### TASK GOAL:
Your output should be the lines below from the one with "Люстра из дерева" through the one with "Make a splash", copied exactly, pictures excluded.

### EXTRACTED MATERIAL:
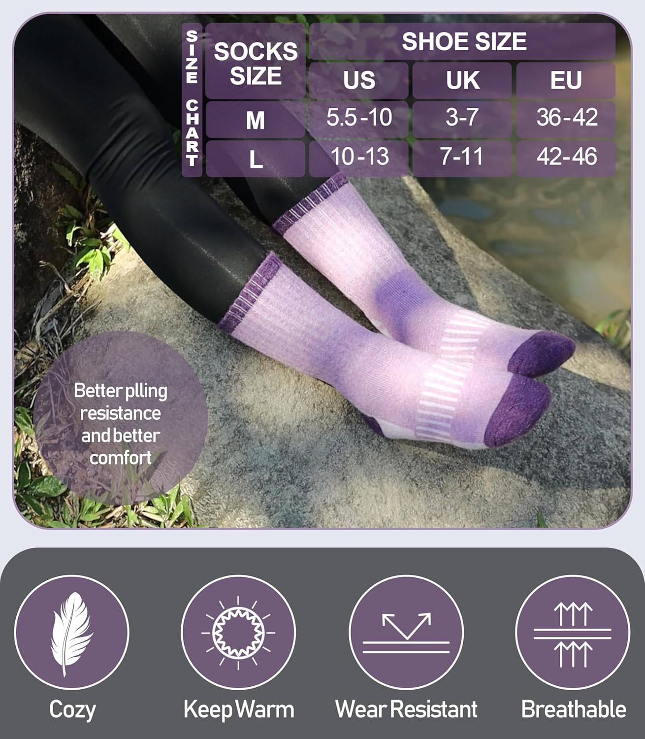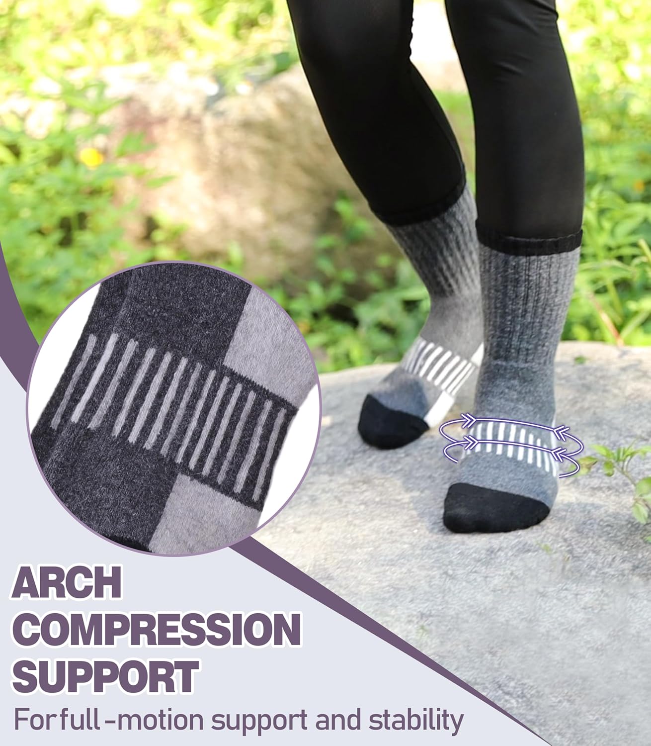 ELASTICITY - These warm hiking socks for womens have high elasticity and arch stripe,which can enhance the blood moving ,relieve symptoms varicose and keep socks stable.They can greatly improve your comfort in hiking , running , walking , climbing , trekking or everyday wear.
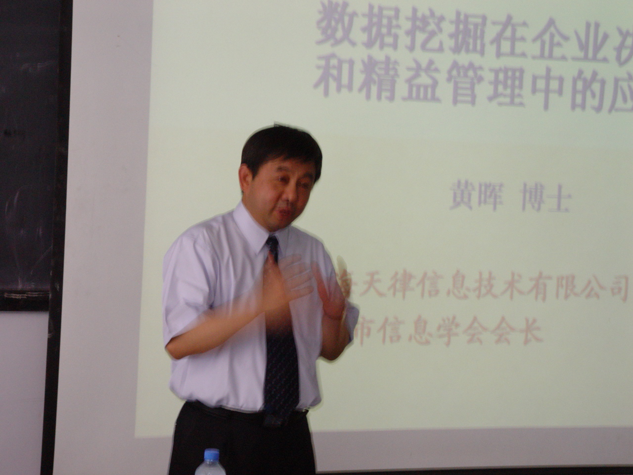 2006年6月16日(星期五)下午3:30,应邀来到我校的美国陆汶大学终身教授、美国资深数据挖掘咨询顾问,现任上海信息学会会长的黄辉博士为我院师生作了一场精彩的学术报告。黄辉博士早年曾任教清华大学、从师于许国璋教授读外语博士,89年赴美国北卡罗莱纳大学读社会统计专业,获博士学位,任美国鲁汶大学终身教授,长期担任美国政府和多家企业数据挖掘咨询顾问,在数据挖掘和数据分析方面有很高的造诣。本次学术报告黄辉博士就数据挖掘的发展和应用、自己研制的马克威数据挖掘分析软件和技术作了精彩的报告。会后就学生的提问,黄博士也给于热情地回答。在场的研究生、毕业班学生认为收到一场专业教育,受益非浅。
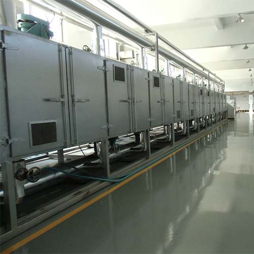 將所要處理的物料通過適當?shù)募恿蠙C構(gòu)(如星型布料器、擺動帶、粉碎機或造粒機),分布在輸送帶上,輸送帶通過一個或幾個加熱單元組成的通道,每個加熱單元均配有空氣加熱和循環(huán)系統(tǒng),每一個通道有一個或幾個排濕系統(tǒng),在輸送帶通過時,熱空氣從上往下或從下往上通過輸送帶上的物料,從而使物料能均勻干燥。
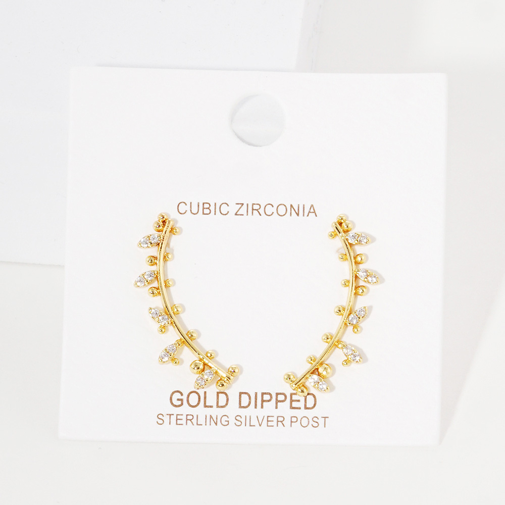 Gold Dipped Cubic Zirconia Floral Sprout Drop Earrings
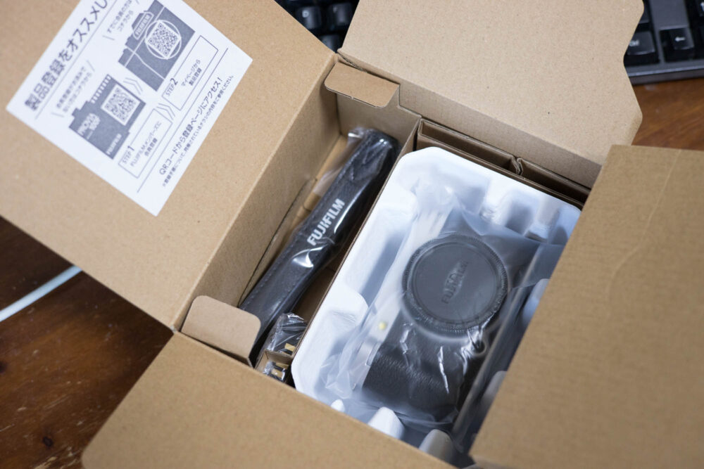 同梱品はバッテリーとストラップのみでした。充電器は付属せずUSB-C充電ですね。
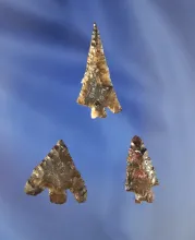 Set of three Columbia River Arrowheads, largest is 1 3/8" found near Priest Rapids. |
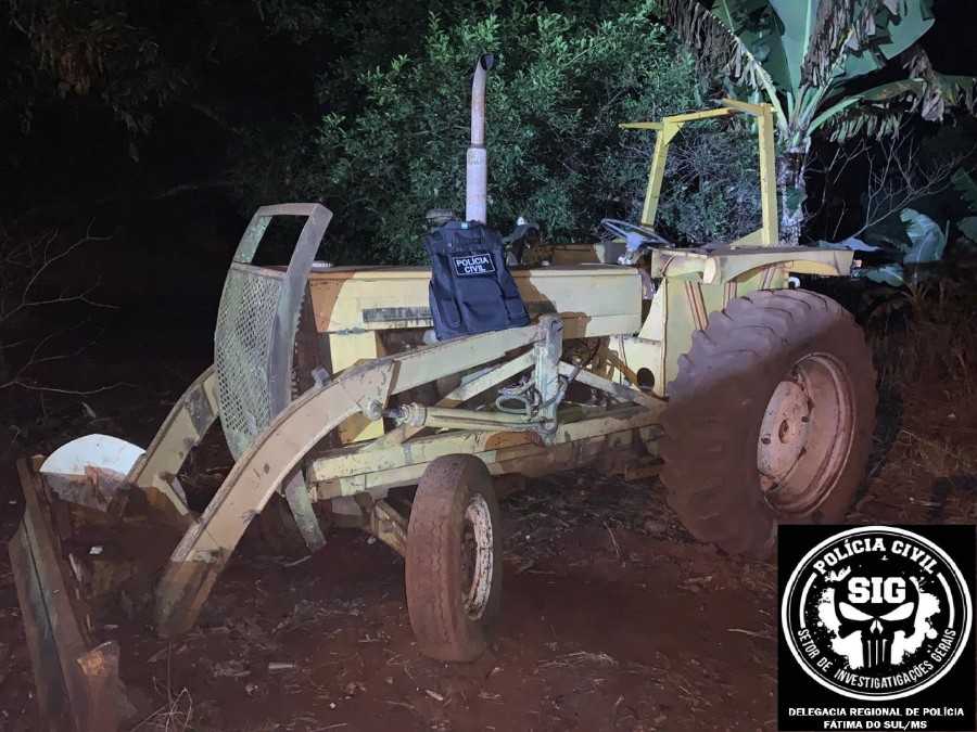 Os policiais chegaram até o local após receber informações de que um trator Massey Fergunson 265 e uma carreta agrícola, furtados no município de Jateí em abril passado, estariam no distrito de Vila Vargas, no local os policiais civis localizaram um trator da marca CBT, com registro de furto em Caarapó e uma carreta agrícola. Os ve ículos estavam na posse de um mecânico de tratores que alegou ter comprado as máquinas agrícolas de um "amigo" que reside em Dourados.
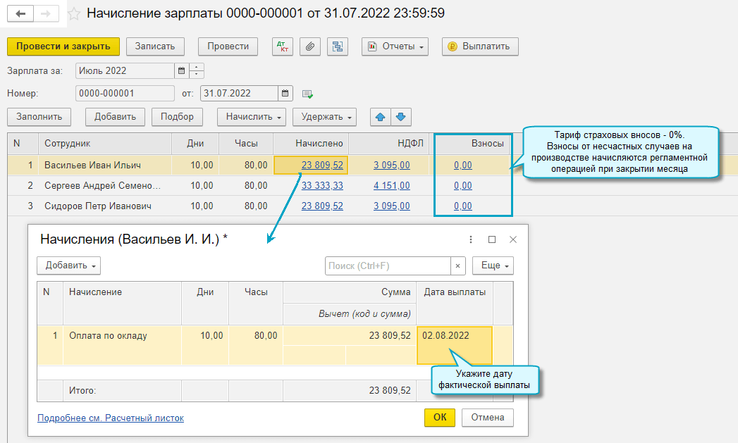 Датой фактического получения дохода для НДФЛ признается дата перечисления дохода сотрудникам. При расчете НДФЛ предоставляются только стандартные и профессиональные вычеты (статья 17 Федерального закона от 25.02.2022 № 17-ФЗ).
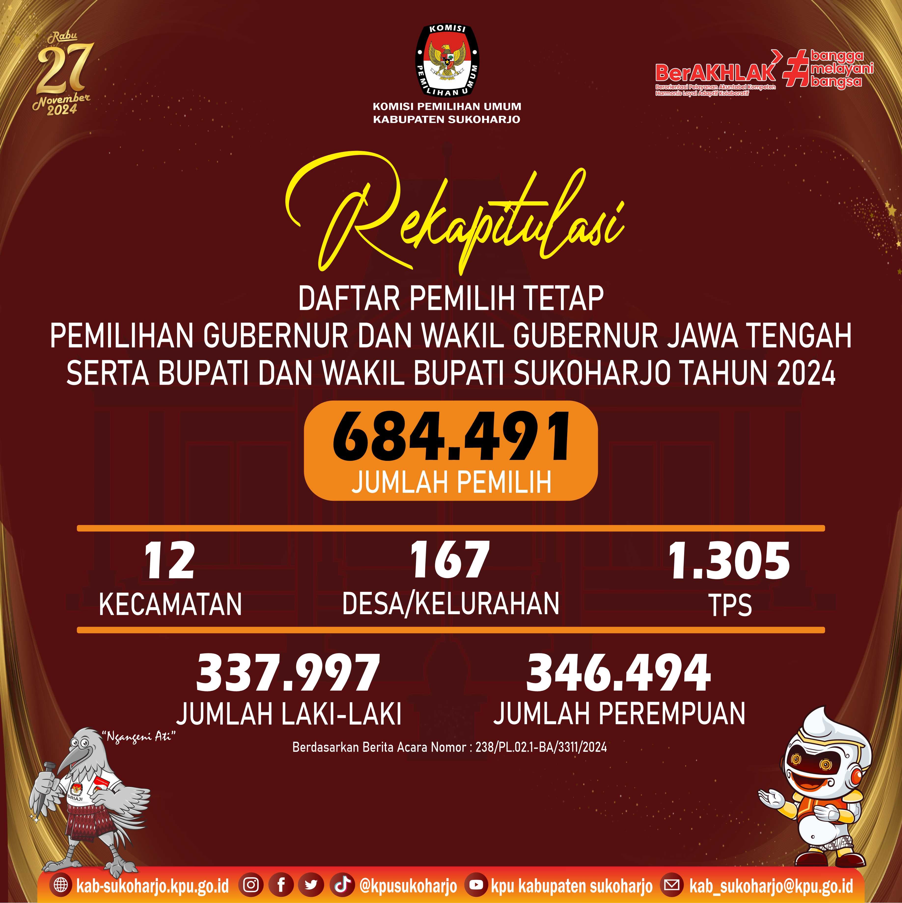 Berikut ini Kami Informasikan Daftar Pemilih Kabupaten Sukoharjo setelah Rapat Pleno Terbuka Rekapitulasi dan Penetapan DPT tingkat Kabupaten Pemilihan Gubernur dan Wakil Gubernur Jawa Tengah serta Bupati dan Wakil Bupati Sukoharjo Tahun 2024.
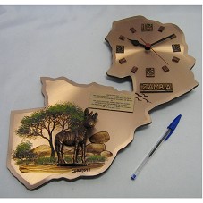 RELÓGIO DE PAREDE (37X34 CM) NO FORMATO DO MAPA DA ZÂMBIA, CONFECCIONADO EM MADEIRA COM ACABAMENTO FRONTAL EM CHAPA DE COBRE ESCOVADO E BORDAS POLIDAS. NA EXTREMIDADE ESQUERDA, UMA ZEBRA, EM ALTO RELEVO, COM UMA PAISAGEM PINTADA AO FUNDO. NA PARTE SUPERIOR, RELÓGIO ANALÓGICO E PLACA COM A INSCRIÇÃO 'ZAMBIA'. POSSUI PLACA METÁLICA CONTENDO A GRAVAÇÃO 'PRESENTED TO HIS EXCELLENCY MR. LUIZ INACIO LULA DA SILVA, PRESIDENT OF THE FEDERATIVE REPUBLIC OF BRAZIL / BY HIS EXCELLENCY MR. RUPIAH BWEZANI BANDA PRESIDENT OF THE REPUBLIC OF ZAMBIA / ON HIS STATE VISIT TO THE REPUBLIC OF ZAMBIA / 7TH TO 8TH JULY, 2010'. NO CANTO INFERIOR, ASSINATURA 'GASTONE'. ACONDICIONADO EM CAIXA DE PAPELÃO COM A INSCRIÇÃO 'GASTONE', SEM TAMPA.
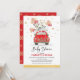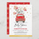 Festive baby shower invitation featuring cute artic animals, a vibrant red & gold car, balloons and sparkly stars
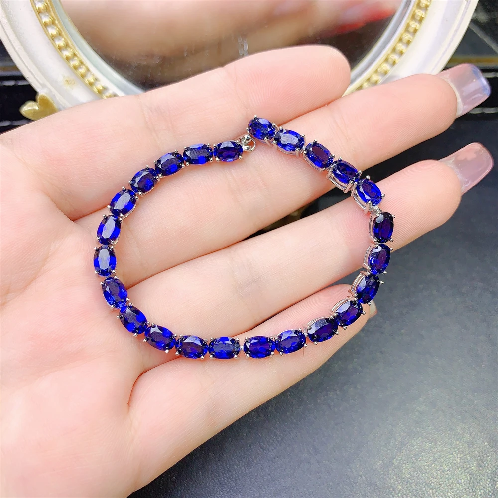 Natürliches Saphir-Armband aus 925er-Sterlingsilber mit hoher Auflösung, Damenfarbe, sch&o...
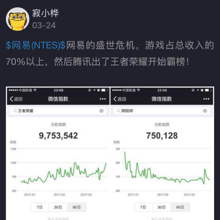 最近观察了下App Store 排行榜,网易游戏感觉有点下坡啊,尤其是腾讯王者荣耀这么强势情况下。看来需要认真看看网易去年的财报以及将要发的第一季度财报了。我觉得
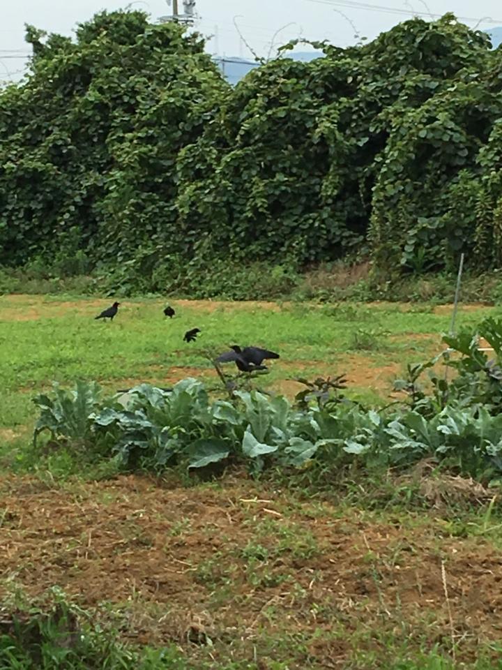 なんだか裏の畑が気になる。窓から畑を見ると10羽ほどが遊んでいる!!!
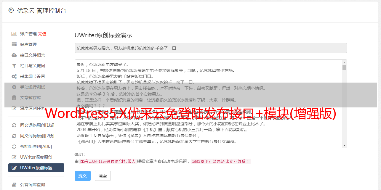 WordPress5.X优采云免登陆发布接口+模块(增强版)
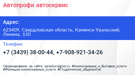 Автопрофи, автосервис по адресу 623409, Свердловская область, Каменск-Уральский, Ленина, 150 в дальнейшем Организация, размещена в следующих категориях:
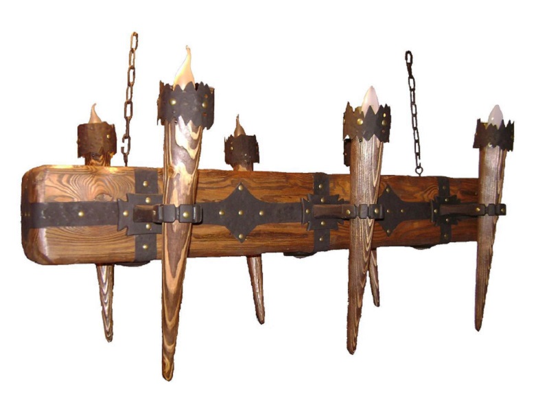 Люстра из дерева под старину ассоциируется со средневековой романтикой и рыцарскими турнирами. Вкрапления кованных металлических элементов придают такой конструкции изысканную легкость и неповторимый колорит.
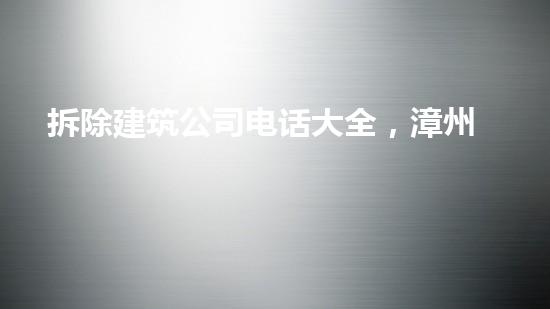 本文将介绍拆除建筑公司电话大全,特别是在漳州地区,快速便捷联系公司,以帮助读者更好地了解拆迁建筑的情况。文章将从专业角度出发,深入探讨拆除建筑公司电话大全的不同方面,以提供更多的参考和帮助。
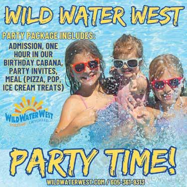 Make a splash and celebrate your birthday at Wild Water West! Party Package includes admission, one hour in birthday cabana, party invites, meal (pizza and pop) and ice cream treats! Visit wildwaterwest.com or call (605) 361-9313 for more information.
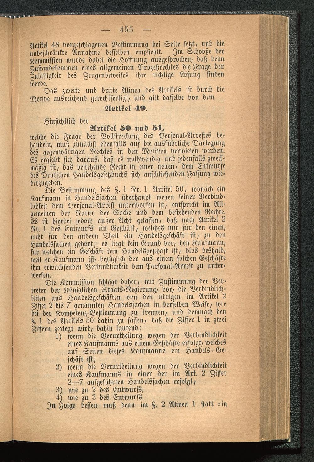 Die Bestimmung des §. 1 Nr. I Artikel 50, wonach einKaufmann in Handelssachen überhaupt wegen seiner Verbind-lichkeit dem Personal-Arrest unterworfen ist, entspricht im All-gemeinen der Natur der Sache und dem bestehenden Rechte.Es ist hierbei jedoch außer Acht gelassen, daß nach Artikel 2Nr. I des Entwurfs ein Geschäft, welches nur für den einen,nicht für den andern Theil ein Handelsgeschäft ist, zu denHandelssachen gehört/ es liegt kein Grund vor, den Kaufmann,für welchen ein Geschäft kein Handelsgeschäft ist, blos deshalb,weil er Kaufmann ist, bezüglich der aus einem solchen Geschäfteihm erwachsenden Verbindlichkeit dem Personal-Arrest zu unter-werfen.
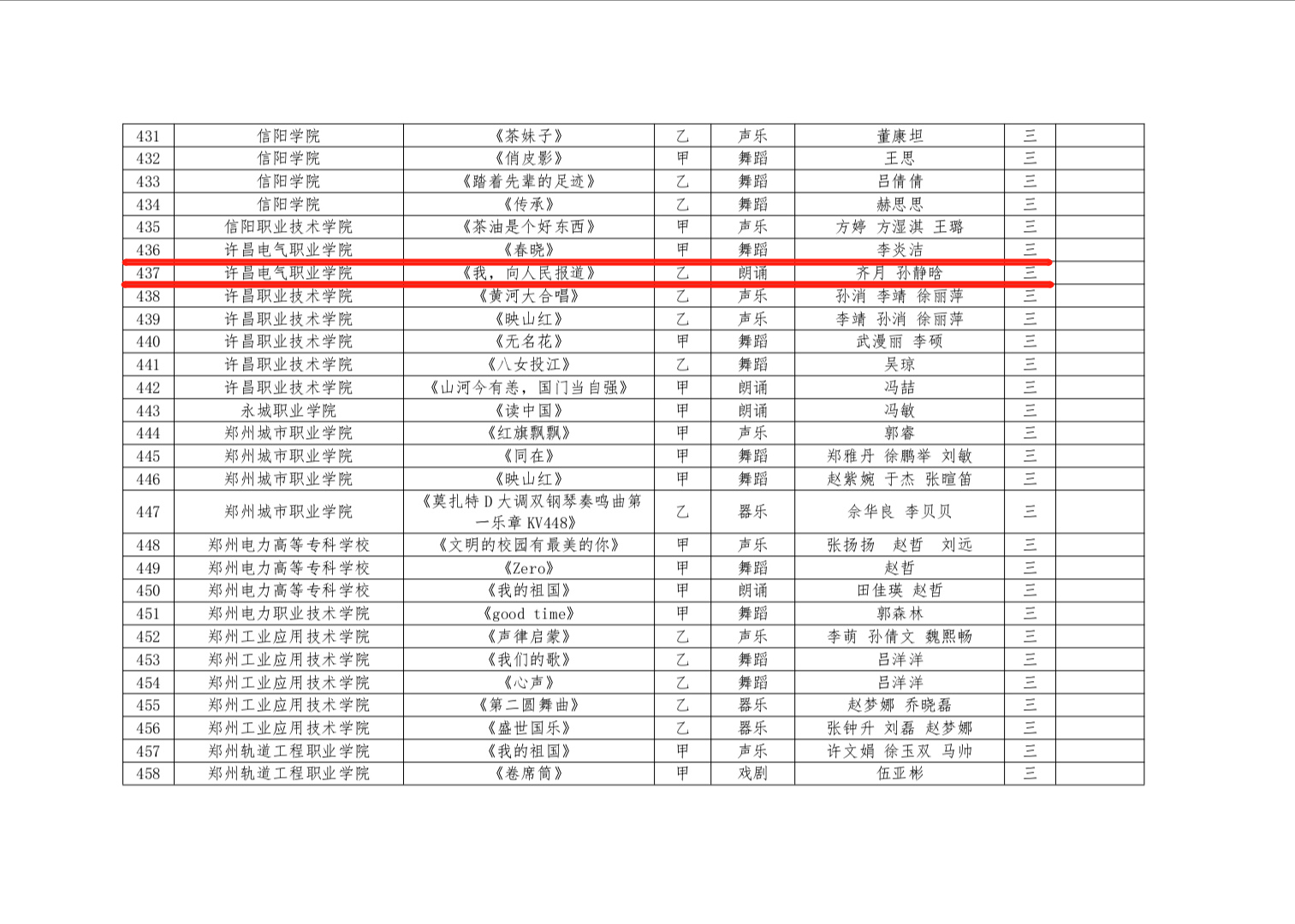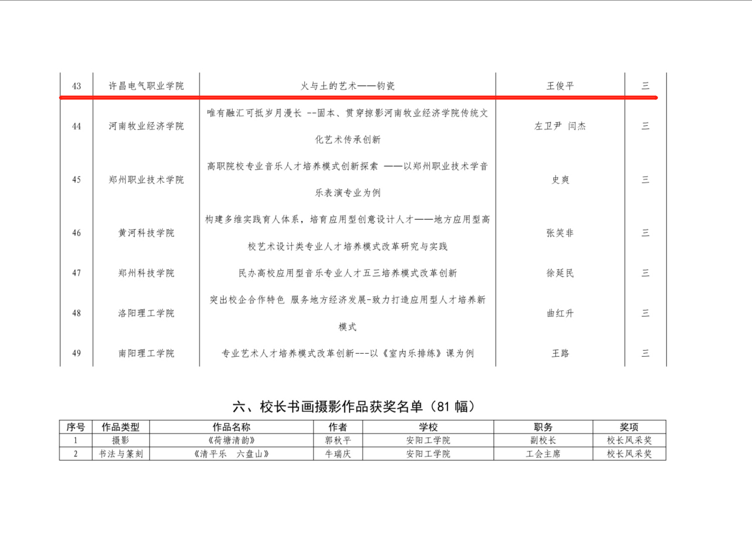 ????近日,河南省第六届大学生艺术展演活动评选结果公布,由我院选送的 4件作品获奖!

### ANSWER SPACE:
 Люстра из дерева под старину ассоциируется со средневековой романтикой и рыцарскими турнирами. Вкрапления кованных металлических элементов придают такой конструкции изысканную легкость и неповторимый колорит.
 本文将介绍拆除建筑公司电话大全,特别是在漳州地区,快速便捷联系公司,以帮助读者更好地了解拆迁建筑的情况。文章将从专业角度出发,深入探讨拆除建筑公司电话大全的不同方面,以提供更多的参考和帮助。
 Make a splash and celebrate your birthday at Wild Water West! Party Package includes admission, one hour in birthday cabana, party invites, meal (pizza and pop) and ice cream treats! Visit wildwaterwest.com or call (605) 361-9313 for more information.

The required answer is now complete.